Hi, guys
I'm processing NGS data and have a question.
I need to make my data have over 100,000,000 reads, so when my first processing is done, I check if they are good to go. When the bam files are not over 100,000,000 reads, I sequence those libraries which are more needed.
Here are the questions. 1. If I suppose my library, sample, sequencing machine and everything is the exactly the same, are the bam file which is merged after mapping and pre-merge fastq file, then mapped bam file same??

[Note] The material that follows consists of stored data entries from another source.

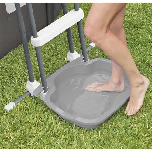 Door het plaatsen van een voetbad onderaan uw zwembad ladder houd u vuil tegen die kan meegenomen worden in het zwembad.
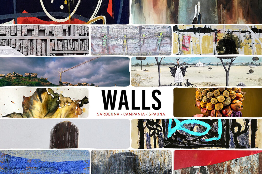 Walls è una mostra collettiva che vede la partecipazione di quattordici artisti sardi, campani e spagnoli, nata da un gemellaggio artistico iniziato nel mese di maggio 2019 negli spazi espositivi di Aversa, proseguito poi a Oristano nelle sale della nostra Pinacoteca.
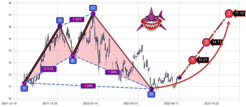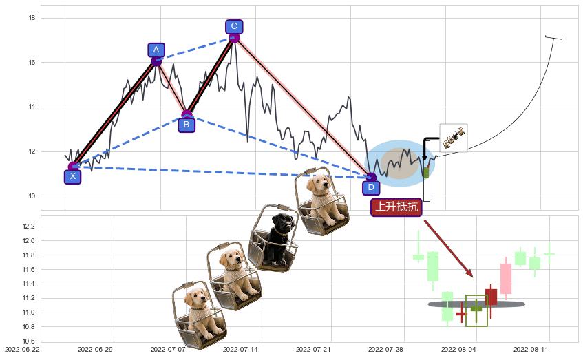 ➣ 已完成【鲨鱼】形态起点X: 2021-11-01, 终点D: 2022-06-23, 共158交易日
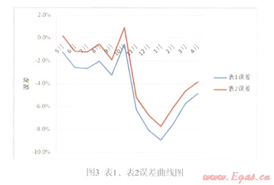 (4)全年表1的誤差為-4.6%左右,表2的誤差為-3.3%左右。表1、表2的平均誤差在-4%左右。此誤差遠大于其±1.5%的允許誤差,因此可以認為氣候條件是造成誤差的主要因素。
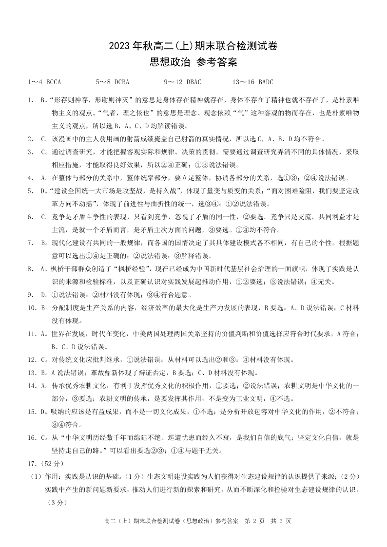 重庆市康德卷2023年秋高二(上)期末联合检测政治答案
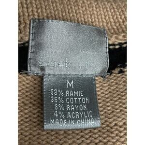 Berek Tiger Striped Embroidered Cardigan Knit Sweater size M Tan/Black Vintage
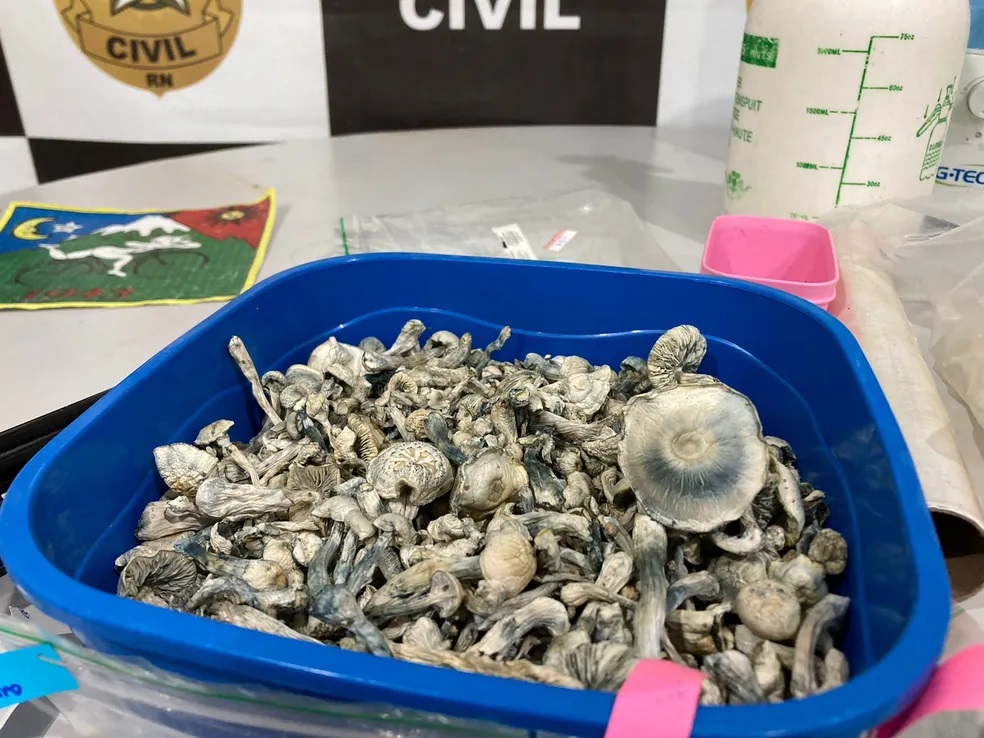 “São produtos conhecidos popularmente como cogumelos mágicos, por eles terem substâncias alucinógenas, como a psilocibina e a psilocina”, afirmou o perito Clélio Soares, do Instituto Técnico-Científico de Perícia (Itep).
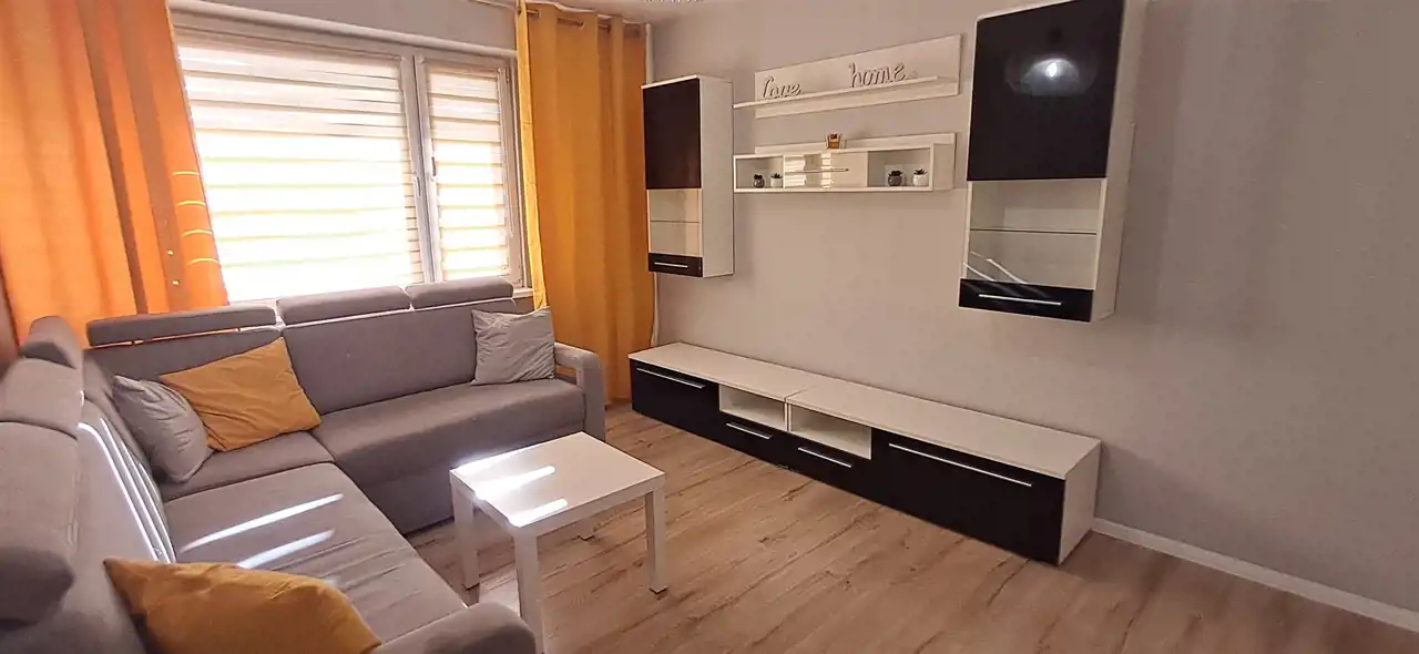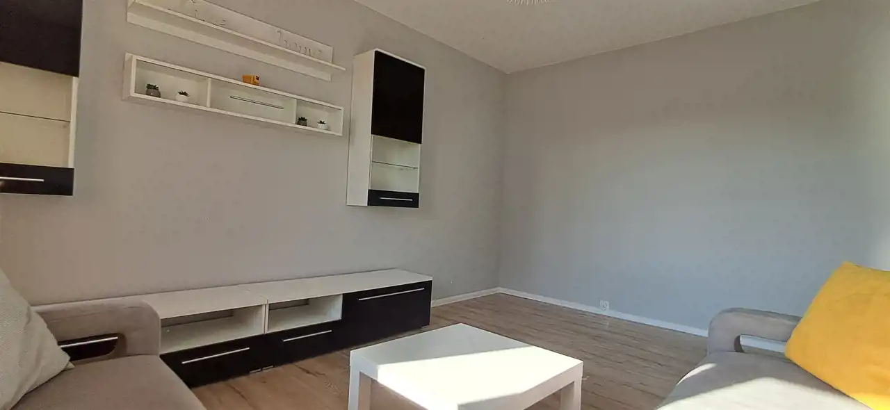 Jeden pokój z rozkładaną kanapą-narożnikiem, duża szafa (ie widac na foto, nowa w kolorze białym 3 drzwiowa). W drugim pokoju pojedyńcze łóżko drewniane, komoda(nie widać na foto, nowe).
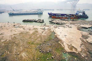 自1月1日以來,重慶羊角灘水位持續(xù)下落,由1月1日的169.42米消落到2月24日的161.90米,55天累計下退7.52米,與去年同期相比下降了近5米的水位。而2月16日,重慶青巖子水位繼2007年以后再次出現(xiàn)-0.2米的百年難遇的特枯水位(相對于重慶零水位計算,我市零水位是海拔160米)。
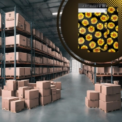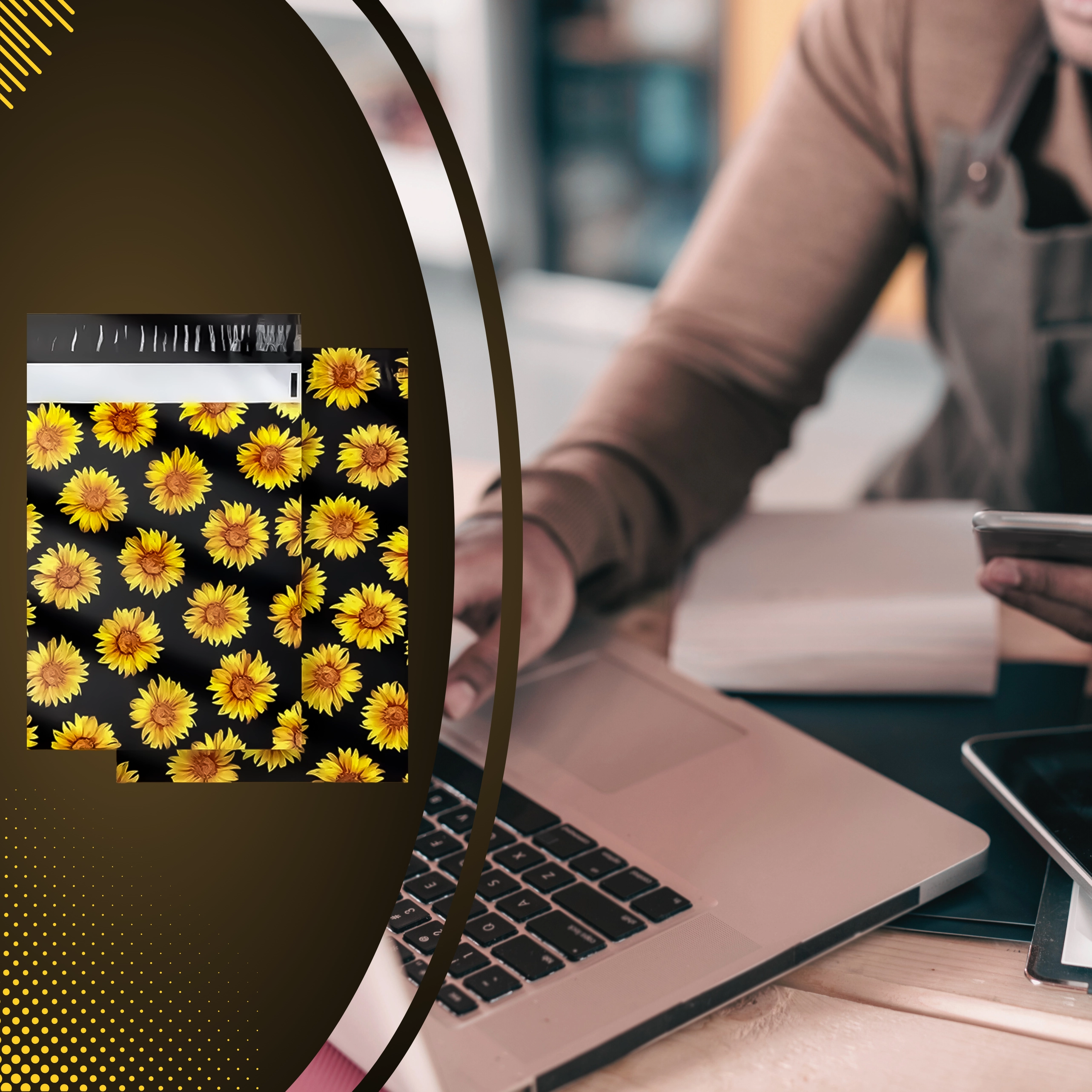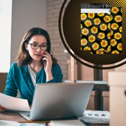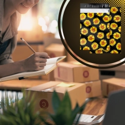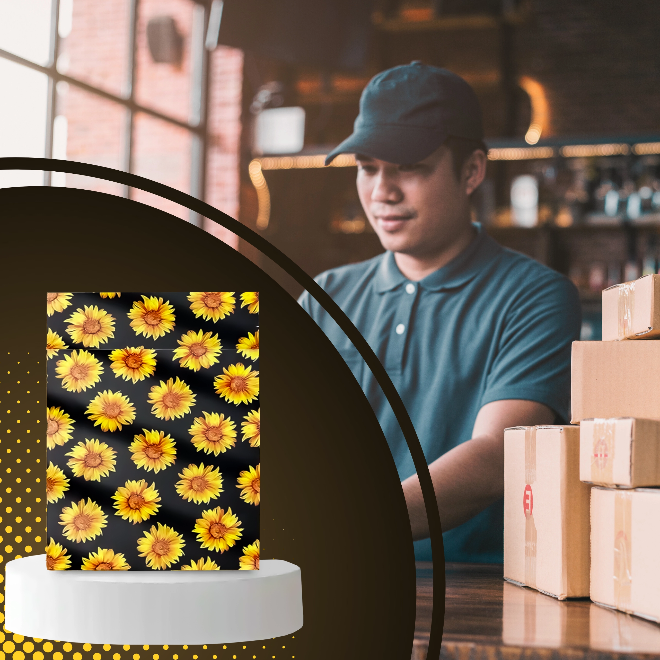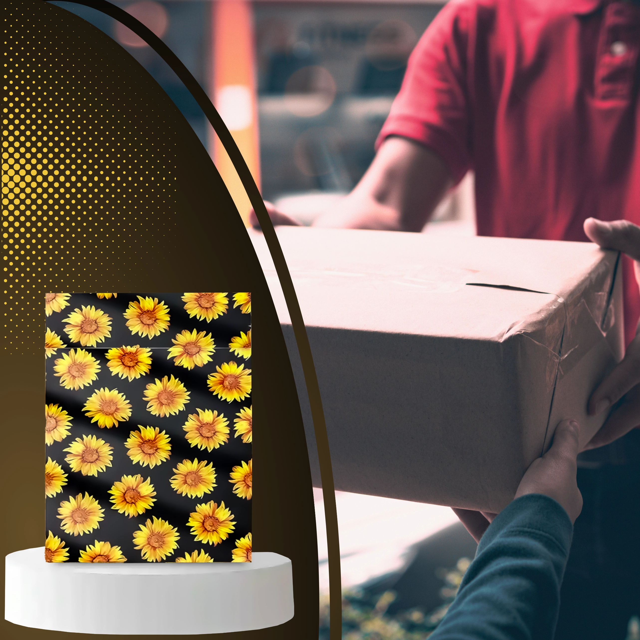 Štýlová potlač slnečníc na čiernom pozadí zlepšuje zákaznícky dojem a robí z každej zásielky malý darček.

- And if they are same, can I merge bam files using samtools or sambamba??
Thank you very much.
Woongjae
I guess in an RNAseq-setting this does not hold true, since some aligners have a threshold for junction detection. If you have split files, you'll may miss junctions. The merged BAM is still missing these junctions whereas the mapping of the total reads' set find those and store it in the BAM file.
For DNAseq, I agree.
If you're doing something with 2-pass then yes, you could theoretically miss something. Given the numbers getting tossed around by OP I suspect that's not the case.
Thank you for the replies guys.
So you mean I can either merge fastq files first and then process the mapping or process mapping first for the additional fastq file and then merge the bam file with existing bam file, right??
Right. Some things, like looking for novel splice junctions, work better if you align everything in a single go (so merge the fastq files). For most other things it doesn't much matter if you merge fastq or BAM files, you get more or less the same result either way.
Thank you Ryan.
P.S : I'm learning a lot from your other issues's replies!